March 28, 2007
What if you don’t know if you’ll want to fund the bypass trust?
A recent post discussed the problem created by estate plans that aren’t updated to take advantange of recent changes in tax laws – or were never drafted with actual human beings in mind, just the tax code.
Specifically, it’s pretty common for a living trust for a married couple to mandate that the trust property be split into two different trusts upon the death of the first spouse. This is done partly to protect the estate from estate tax, and partly to make sure that some of the property will be distributed according to the wishes of the spouse who passed away.
This sort of planning is important if there’s enough property to worry seriously about estate tax; or if there’s a significant chance that the surviving spouse will frustrate the original estate plan.

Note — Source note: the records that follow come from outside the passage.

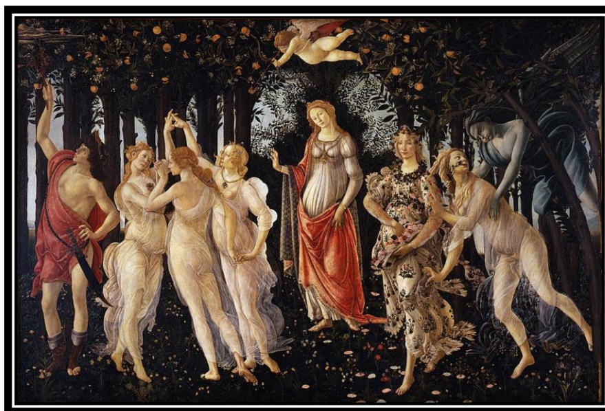
Figura 5: Sandro Botticelli, Primavera , 1477 - 1482.
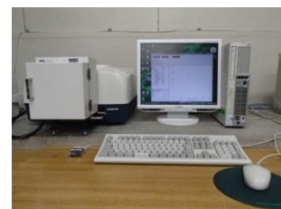
自記分光光度計 日本分光 V-670DS
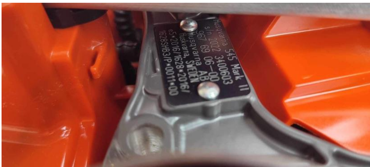
4., Husqvarna 545 Mark II motorfűrész:
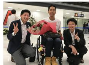
三代さん 世界一周旅行の様子
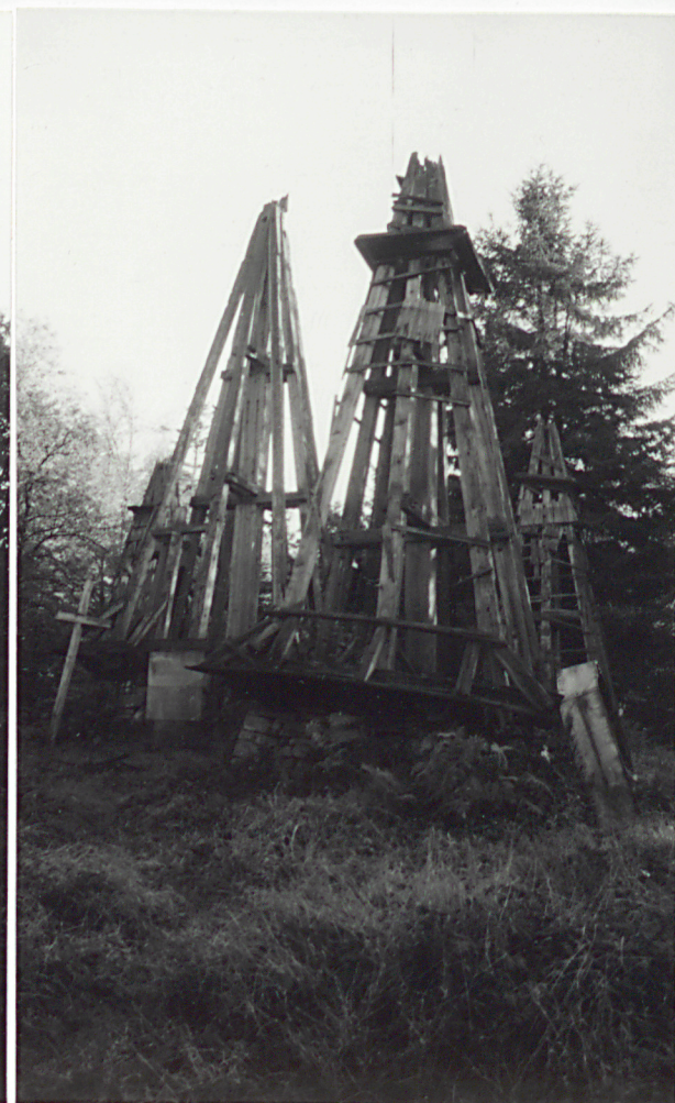
10. WIEŻE, W GŁĘBI-TABLICA
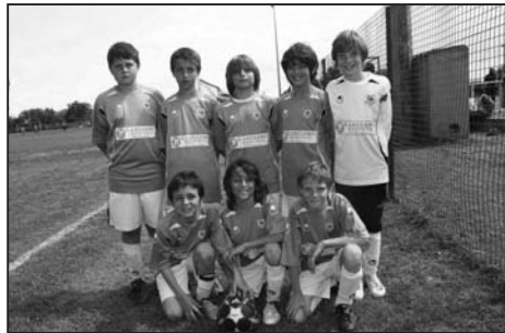
L'équipe de Pieve di Lota

Les jeunes Bastiais du SC Bastia ont souffert lors de cette finale face à de solides joueurs bigugliais qui ont plu par leur vaillance et leur volonté. Une débauche d'énergie qui ne donnait rien. Il a fallu attendre les tirs au but pour désigner le vainqueur et, à ce jeu, les Bastiais parvinrent à s'octroyer le trophée 1 à 0 devant de jeunes Bigugliais déçus par ce revers.
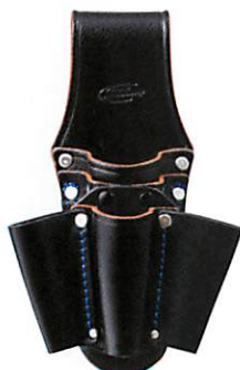
BL-85 ペンチ8吋5丁差 SIZE (約) H230×W145×D75mm JAN 4533707 80066 7
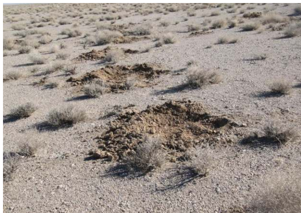
شکل ۴- احداث هلالی آبگیر در منطقه اجرای طرح

حدود ۴ درصد بوده است، درحالی که موفقیت کشت پاییزه در این سال مشابه سال قبل بوده است. میانگین درصد سبز شدن بذرها در روش های مختلف کاشت در سال ۹۲ تفاوت

On the other hand, there are a lot of families where there’s no serious risk of estate tax, and where the second spouse either wants or needs the flexibility to use/control all of the property .. or where the second spouse reasonably wants or needs to change the original distribution plan. (For example, if there are two or three children, and one of them quits their job or moves cross-country to care for the ailing surviving spouse, it’s not uncommon to see a disproportionate distribution of property to that child who made a big sacrifice to provide care and support for the parent.)
A well-drafted estate plan can include flexibility to allow the surviving spouse to allocate property between the A and B trusts after the first death. This isn’t necessarily what you’ll get from a trust mill, or from an attorney who isn’t interested enough to spend a few hours talking to you to understand your situation – but it is certainly possible. Two common approaches are called a “disclaimer trust” and a “Clayton election”.

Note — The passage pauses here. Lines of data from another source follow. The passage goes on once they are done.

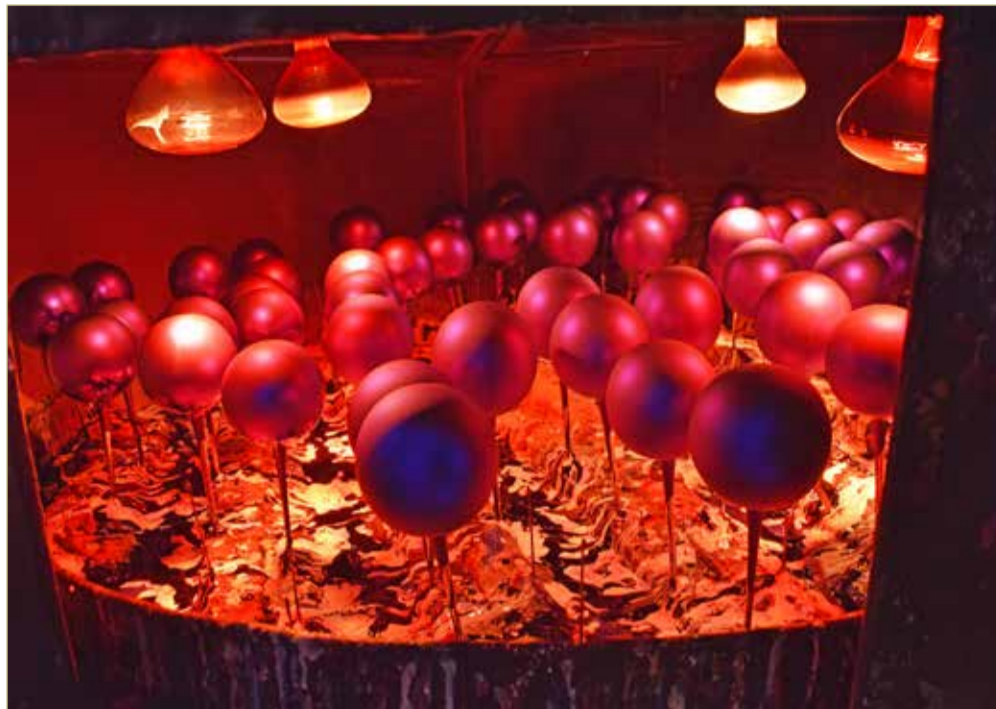
Оказавшись в цехе впервые, смотришь на происходящее как на какое-то волшебство. Полумрак, цветной огонь, шум горелок, движения рук и губ. И вот из кусочка трубочки получается шарик.
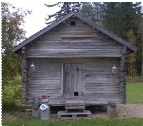
Kekkolan aitta
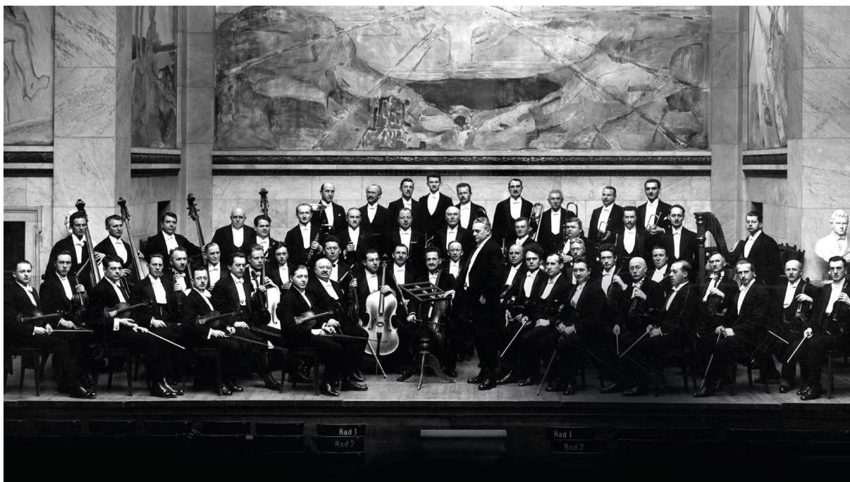
Filharmoniske Selskap, 1919.
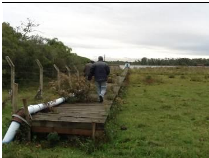
Acesso à área de captação terciária necessitando de melhorias.

7) Existe facilidade de acesso ao local (Resolução AGESAN N°11 - Art. 11º)? Sim (x) Não ( )
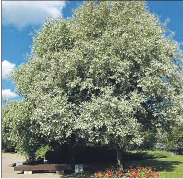
Ива белая, или серебристая, в высоту достигает 25 — 30 метров

Деревья, растущие в городе, образно говоря, испытывают постоянный стресс. Поэтому жизненного пространства им надо больше. Расстояние между деревьями должно быть не менее 5 м, иначе они начинают болеть и вырождаются. А со временем их могут вытеснить сорные породы, например клён. К тому же густые заросли нарушают режи-
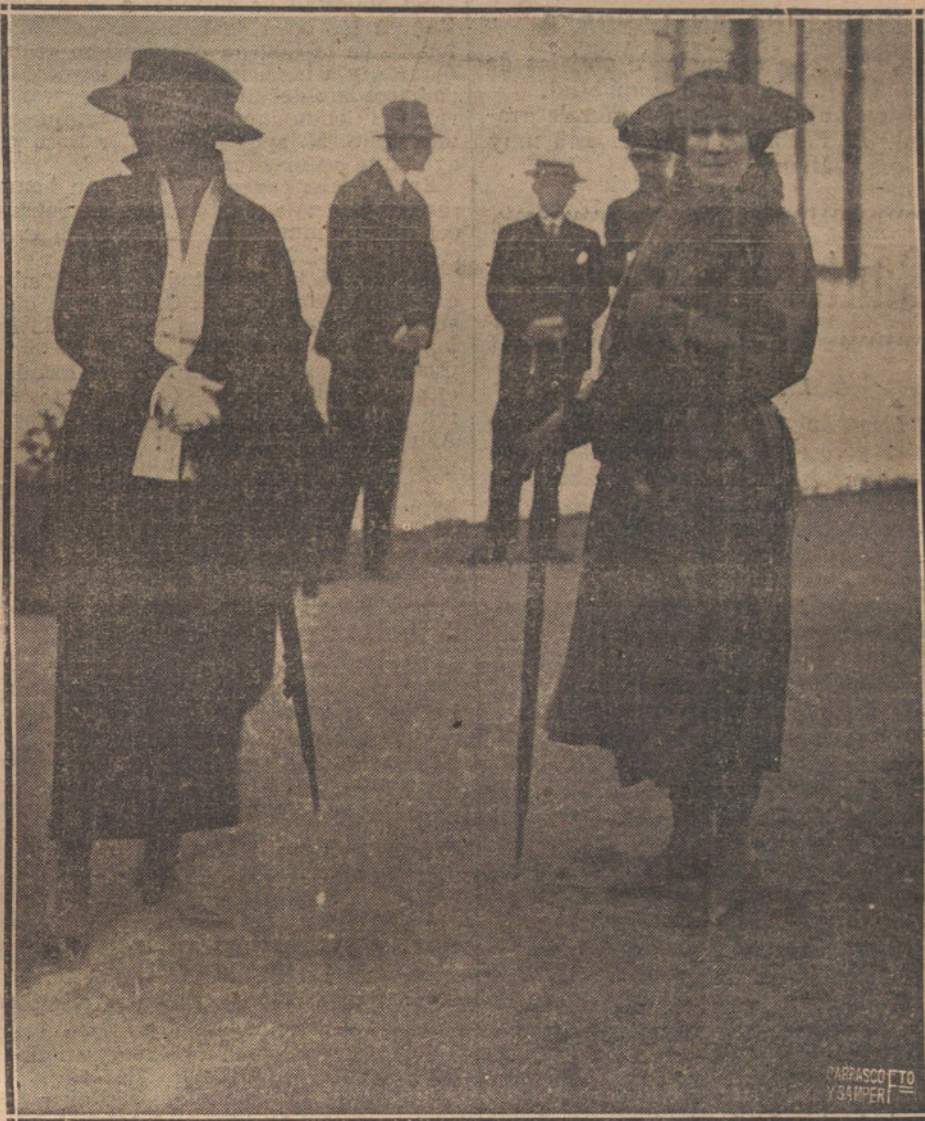
VERANILLO DE LOS REYES.—SU MAJESTAD LA REINA DOÑA VICTORIA CON SU ALTEZA LA INFANTA DOÑA LUISA Y EL PRÍNCIPE DE ASTURIAS, EN EL HIPÓDROMO DE SANTANDER.
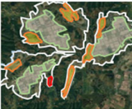
土地利用構想の作成

地域における土地利用構想の作成から実現までの取組や荒廃農地の再生を総合的に支援します。
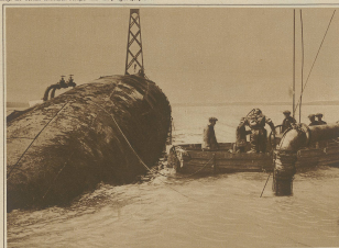
Hebung des während des Kriegs versenkten Schiffes 'Clatten' im Hafen von Dover
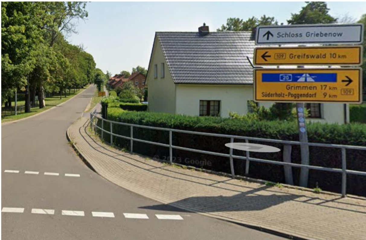
B 109 Abzweig zum Schloss Griebenow
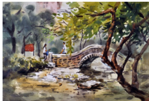
103-1-3 探索自然與文化-全國高中水彩寫生競賽前三名作品
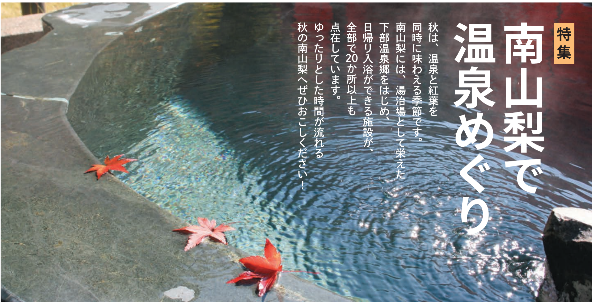
早川町「湯島の湯」の露天風呂

秋は、温泉と紅葉を同時に味わえる季節です。南山梨には、湯治場として栄えた下部温泉郷をはじめ、日帰り入浴ができる施設が、全部で20か所以上も点在しています。ゆったりとした時間が流れる秋の南山梨へぜひおこしくください！

I think this sort of planning is very important where, as now, it’s tough to know what the estate tax exemption amounts are going to be, and what the family is going to look like, upon the first (and second) deaths.
Gerald L. Kane said,
January 27, 2009 at 10:27 pm
Greg,
I completely agree. In recent years, with the exemption amount increasing, fewer and fewer clients have been needing the mandatory A/B split. The vast majority of our estate plans have been disclaimer or clayton election type plans.
However, even when the mandatory split is not needed for tax reasons, many clients have opted for a mandatory split to provide for asset protection for the surviving spouse or where the deceased spouse wants to control their half of the estate from below ground to ensure their assets get to their chosen loved ones — this is common in estates where spouses have children from prior marriages.